Data provided:

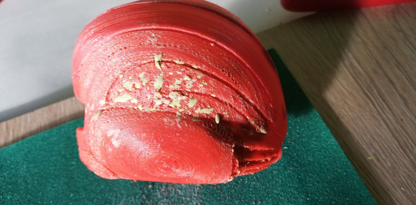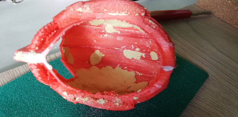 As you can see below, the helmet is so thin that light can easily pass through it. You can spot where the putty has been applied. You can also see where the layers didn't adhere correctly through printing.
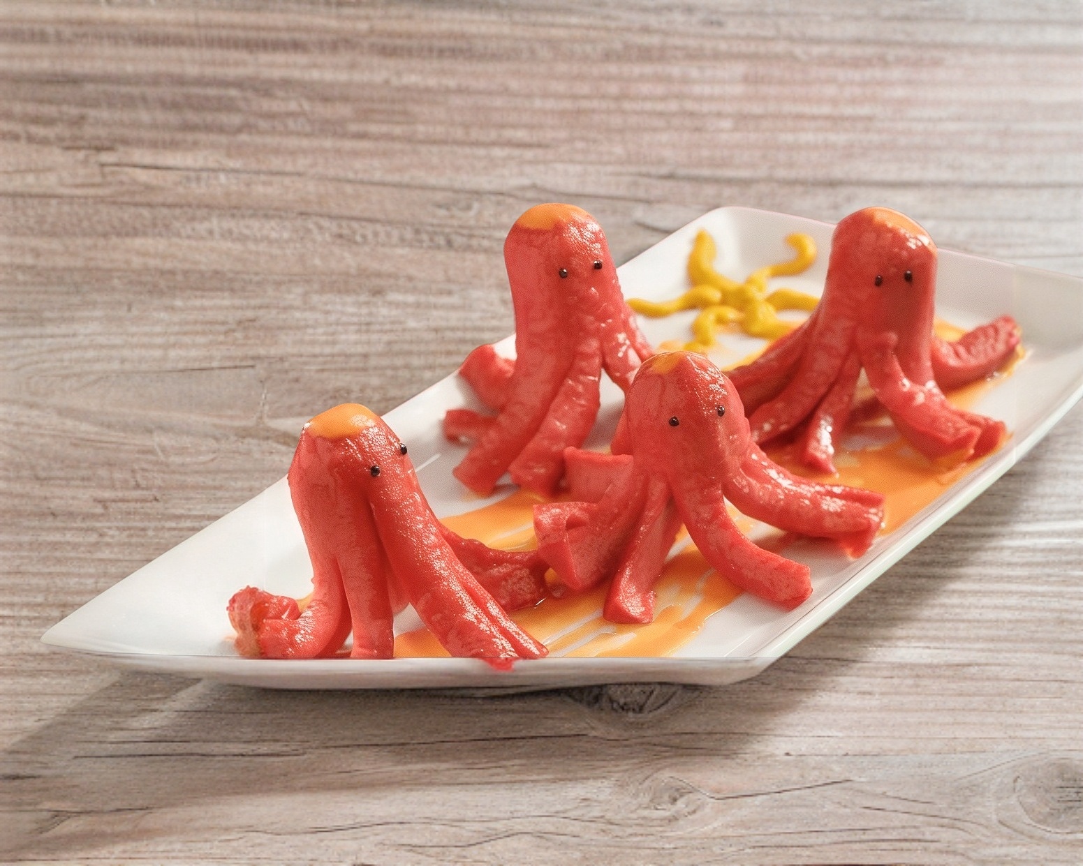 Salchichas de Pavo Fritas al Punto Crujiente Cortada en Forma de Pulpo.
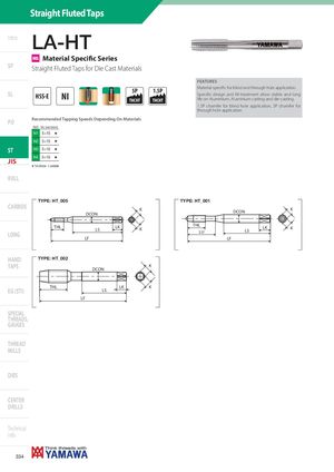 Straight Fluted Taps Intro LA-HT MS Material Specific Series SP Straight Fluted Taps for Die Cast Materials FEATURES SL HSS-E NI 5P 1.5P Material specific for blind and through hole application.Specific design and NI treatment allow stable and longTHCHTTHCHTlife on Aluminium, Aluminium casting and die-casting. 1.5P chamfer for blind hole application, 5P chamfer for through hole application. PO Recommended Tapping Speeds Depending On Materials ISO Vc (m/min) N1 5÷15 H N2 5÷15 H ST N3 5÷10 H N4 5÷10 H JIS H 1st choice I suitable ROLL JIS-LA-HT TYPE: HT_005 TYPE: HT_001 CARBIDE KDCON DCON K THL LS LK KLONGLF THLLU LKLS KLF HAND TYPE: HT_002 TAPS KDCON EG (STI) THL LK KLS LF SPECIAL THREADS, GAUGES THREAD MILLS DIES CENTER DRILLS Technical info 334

How to complete this task: Set out exactly, and only, the lines between the first line of the listing and the line containing "Salchichas de Pavo", counting both, while leaving every picture out.

Answer section:
 As you can see below, the helmet is so thin that light can easily pass through it. You can spot where the putty has been applied. You can also see where the layers didn't adhere correctly through printing.
 Salchichas de Pavo Fritas al Punto Crujiente Cortada en Forma de Pulpo.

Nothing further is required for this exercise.